Recipes are designed for agentic execution. The consuming agent (Claude Code, Cursor, MCP, etc.) reads the SKILL.md file and executes the steps via muapi CLI calls. Source: README.md

Typical Recipe Flow

graph LR
    A[Input Media<br/>or Description] --> B[Parse SKILL.md]
    B --> C[Step 1: Generate<br/>Base Asset]
    C --> D[Step 2: Enhance<br/>or Transform]
    D --> E[Step 3: Apply<br/>Effects/Animation]
    E --> F[Output:<br/>Final Media]

Key Recipe Patterns

Pattern 1: Image-to-Video Pipeline

# 1. Generate or upload source image
muapi image generate "product photo on white" --model flux-schnell

# 2. Animate into video
muapi video from-image \
  --image "SOURCE_IMAGE_URL" \
  --subject "camera slowly orbits the product" \
  --model seedance-2.0-vip

Pattern 2: Multi-Asset Composite

# 1. Generate selfie
muapi image generate "professional selfie" --model flux-dev

# 2. Generate product
muapi image generate "product photo" --model flux-schnell

# 3. Combine in video
muapi video from-image \
  --image "COMPOSITE_URL" \
  --model kling-v3.0-pro

Pattern 3: Async Pipeline with Polling

# Submit async, capture request_id
REQUEST_ID=$(muapi video generate "a dog running on a beach" \
  --model kling-master --no-wait --output-json --jq '.request_id' | tr -d '"')

# Poll for completion
muapi predict wait "$REQUEST_ID" --download ./outputs

Example Recipes

3D Logo Animation

Transforms a 2D logo into an animated 3D version with cinematic effects.
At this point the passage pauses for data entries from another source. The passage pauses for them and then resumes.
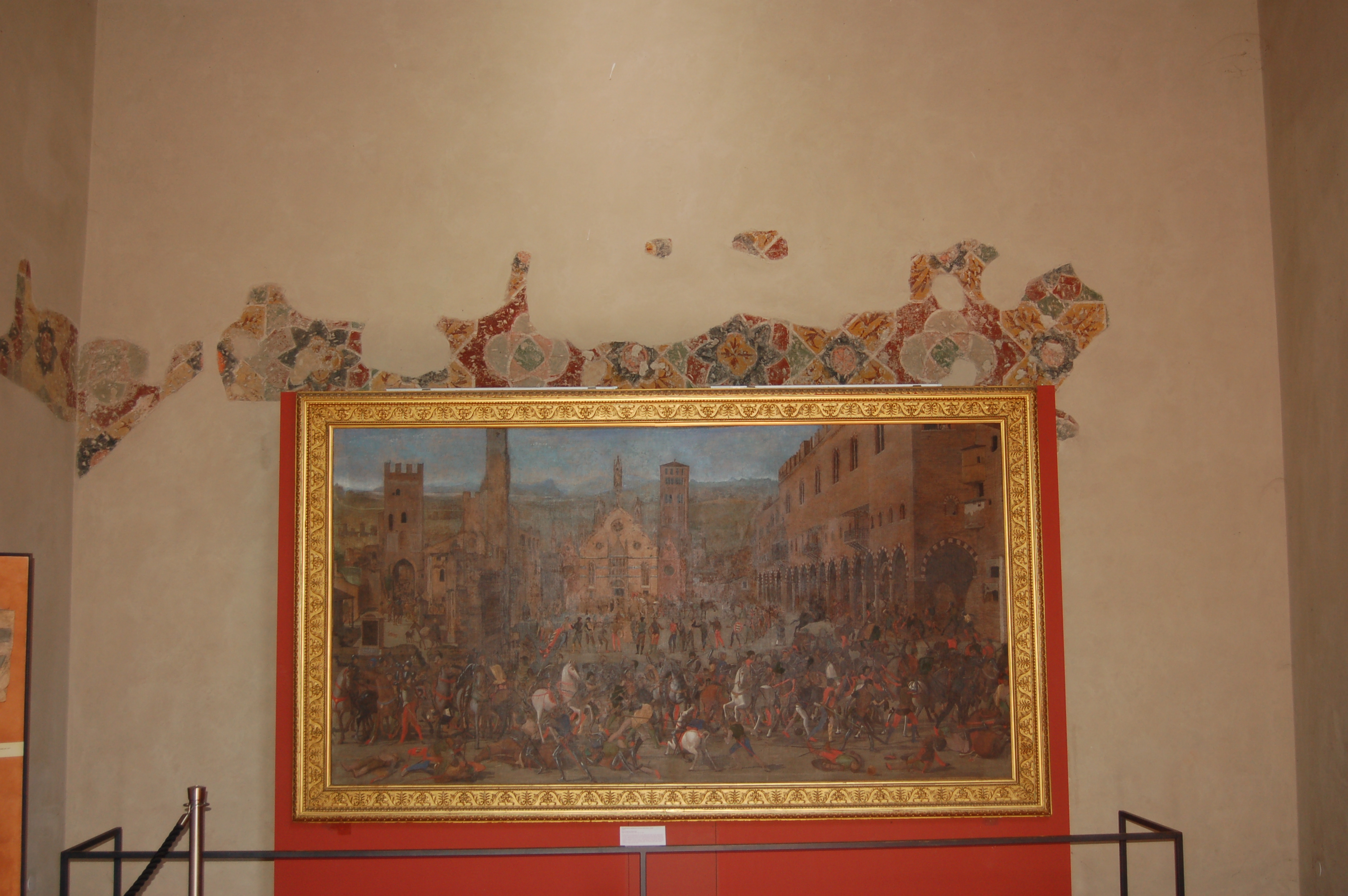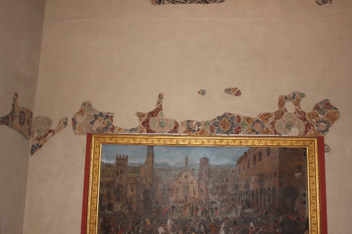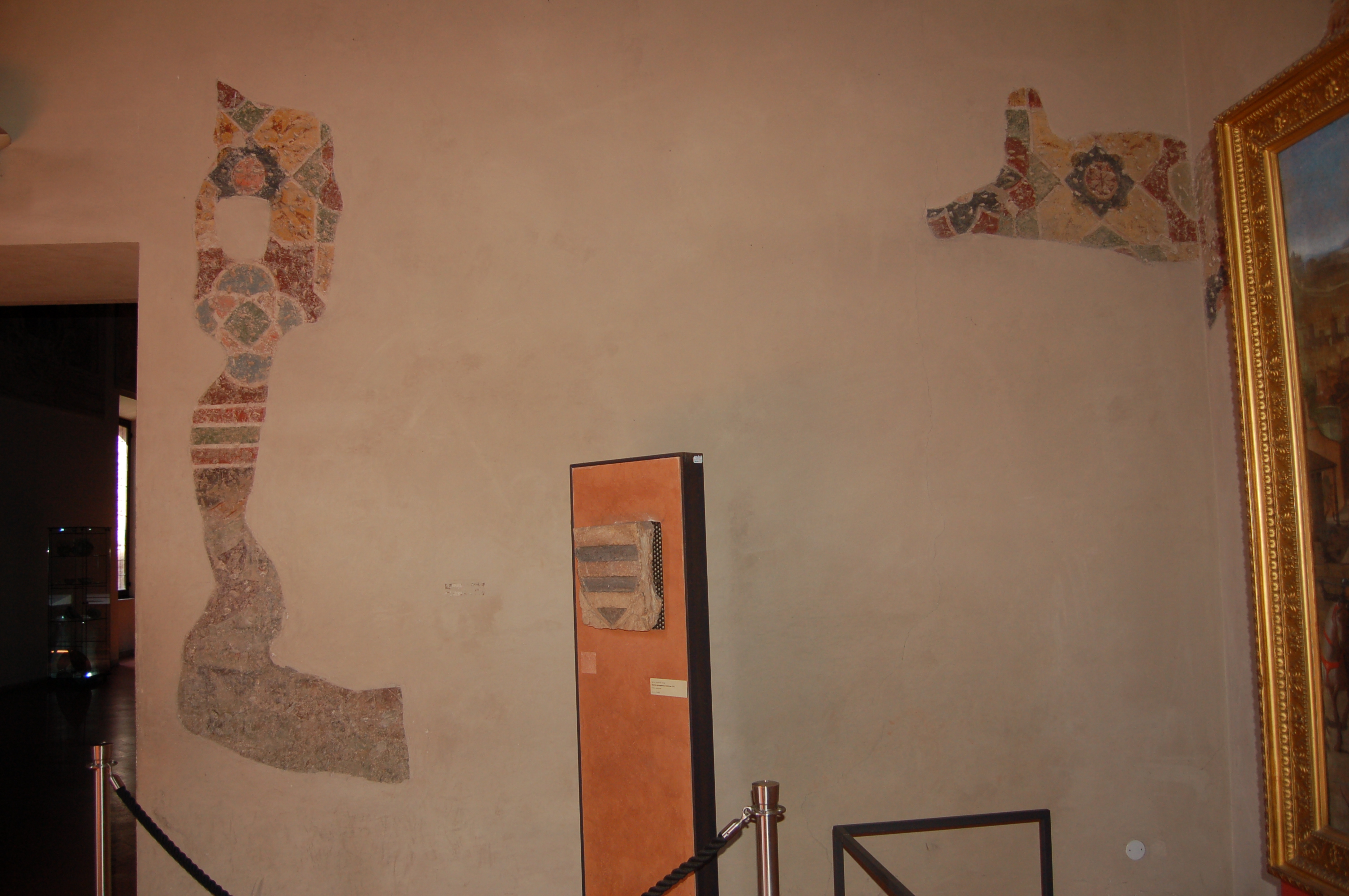 Nella Sala dei Sette Scalini (piano nobile del Palazzo del Capitano) si conservano sulle pareti ovest e sud diversi lacerti pittorici, parte di un complesso decorativo impostato su elementi geometrici dai vivaci colori che doveva probabilmente fregiare la fascia mediana dell’intero locale. Il motivo, delineato da una bordura bianca, alterna elementi decorativi compendiati su forme stellari, polilobate o cruciformi in un incastro di campiture colorate, rifinite con elementi fitomorfi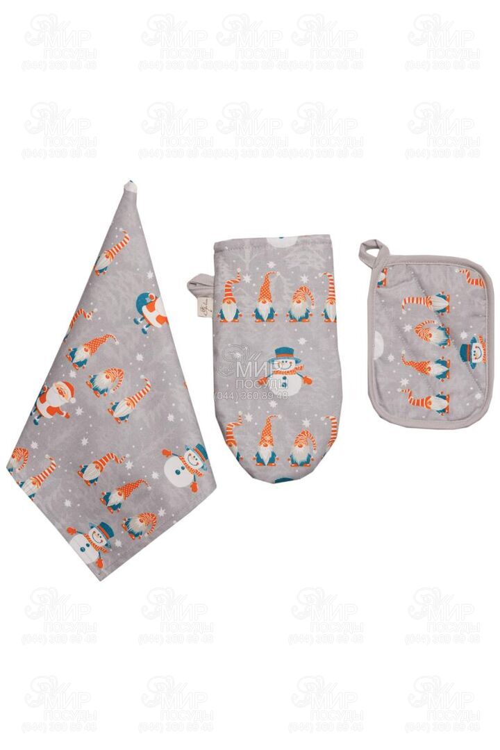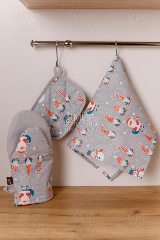 Мир посуды - Кухонные аксессуары - Рукавицы, прихватки, фартуки - Набор прихваток + полотенце кухонное Happy Holidays на сером 4823093452657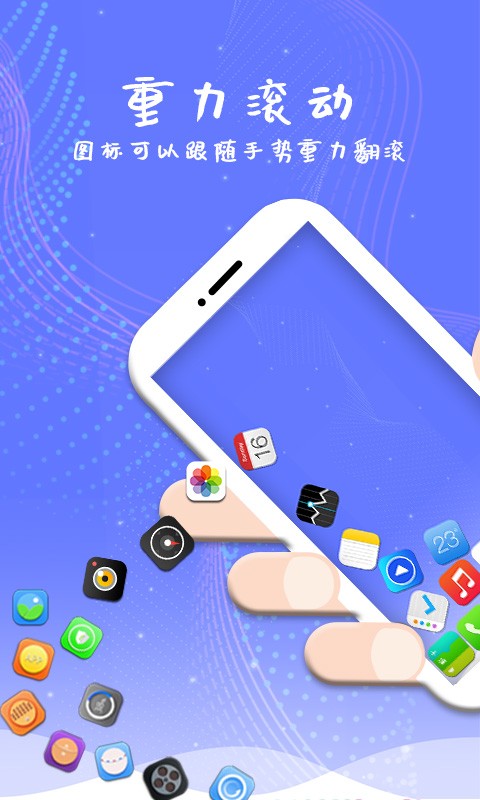 不同于固定的图标,会滚动的图标很炫酷哦!应用中的图标跟随着手势滚动起来,相互碰撞着,相互依偎成不同的图形。应用图标相互独立,不断滚动,不断的碰撞。也可以设置成动态壁纸。手机的照片也可以增加为图标,可以增加应用图标。增加设置功能,强大的设置功能满足需要。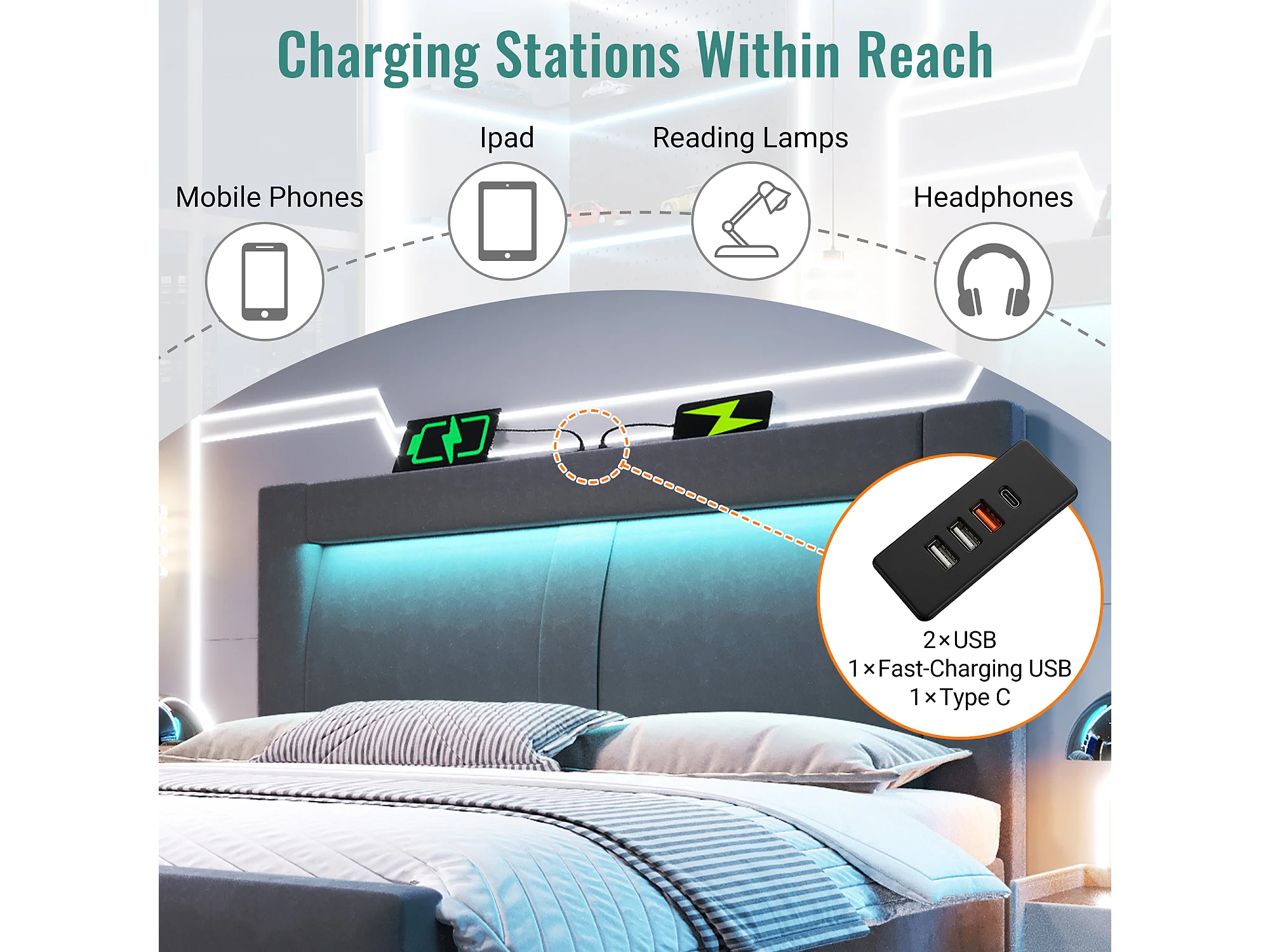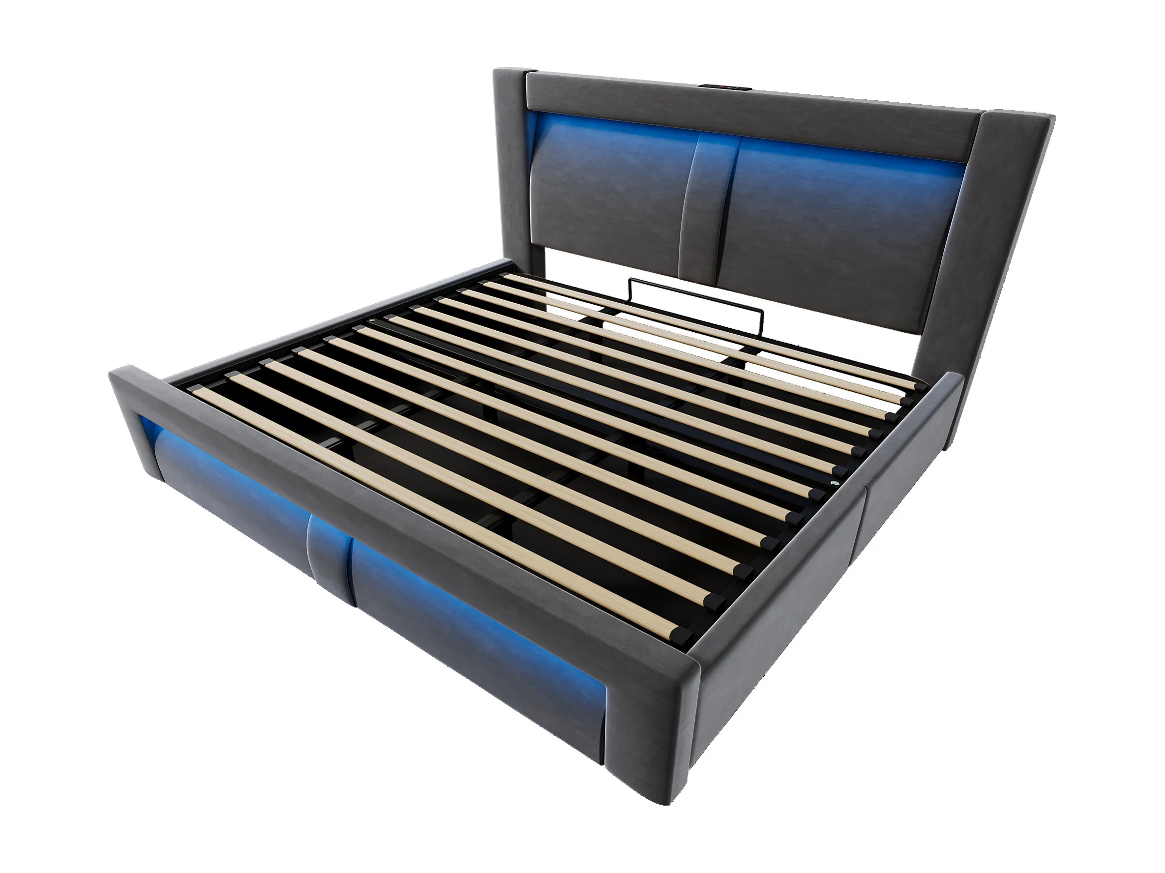 Letto contenitore 180x200 cm con LED e USB - Letto matrimoniale per adulti in velluto grigio (materasso non incluso)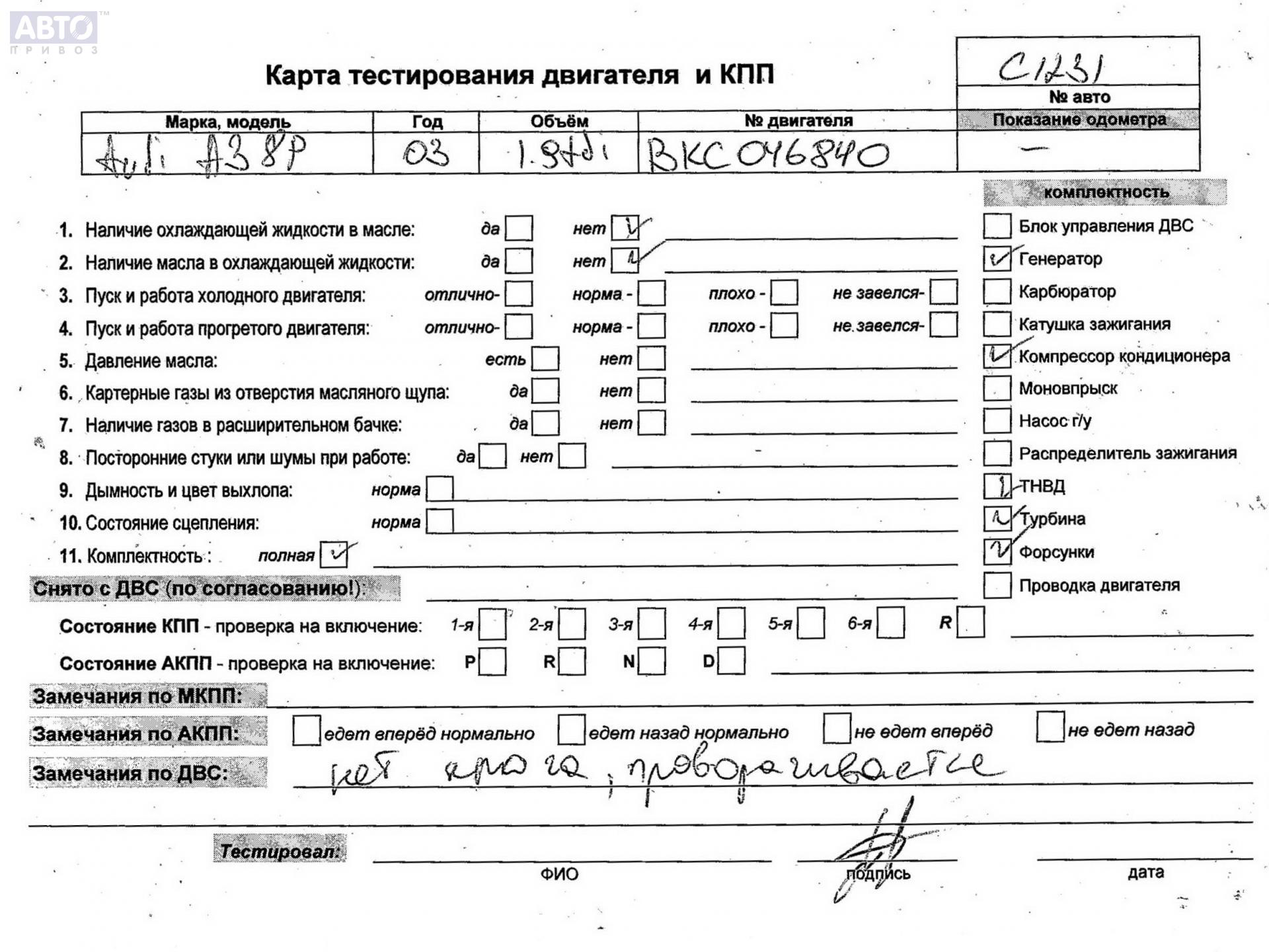 | Марка / Модель / Год: | Audi A3 8P (2003-2012) 2003 |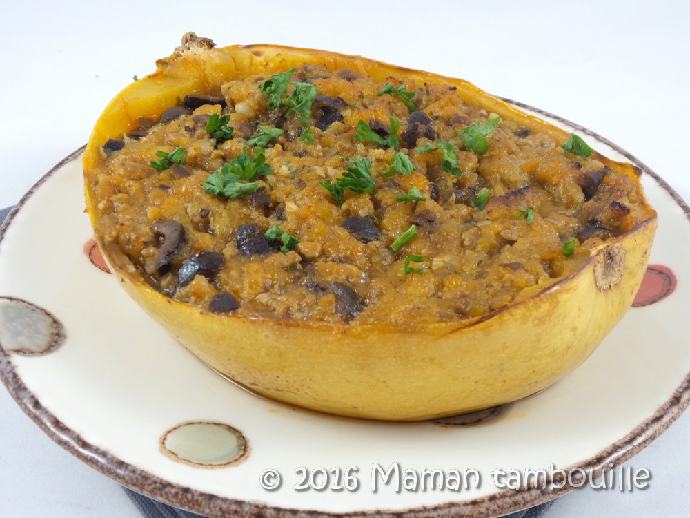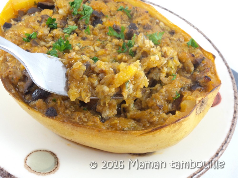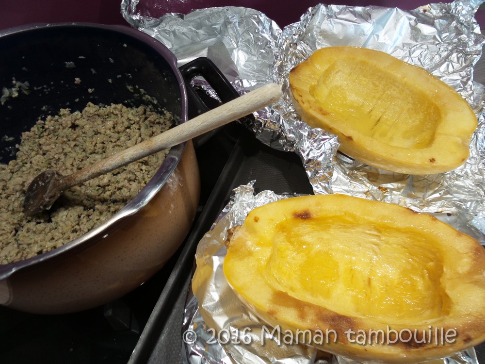 Remplir les coques de courge et enfourner 15 min à 200°.

Location: library/motion/3d-logo-animation/SKILL.md

Workflow:

  1. Accept 2D logo input (URL or local file)
  2. Generate 3D version using image-to-3D model
  3. Apply animation choreography (rotation, light sweep, particle effects)
  4. Output final video asset

Models Used:

  • Image generation: Flux variants, Midjourney
  • 3D conversion: Dedicated 3D models
  • Video: Seedance 2.0, Kling 3.0

Cinematic Product Ad

Creates a 5–10 second product advertisement from a product photo and brand brief.

Location: library/motion/product-ad-cinematic/SKILL.md

Workflow:

  1. Accept product photo and brand brief (tone, colors, messaging)
  2. Generate lifestyle background scene
  3. Composite product into scene
  4. Animate with cinematic camera movement
  5. Apply color grading matching brand identity

Output: Professional-grade product commercial

Action Figure Generator

Converts a photo of a person into a custom 3D action figure with collectible toy packaging.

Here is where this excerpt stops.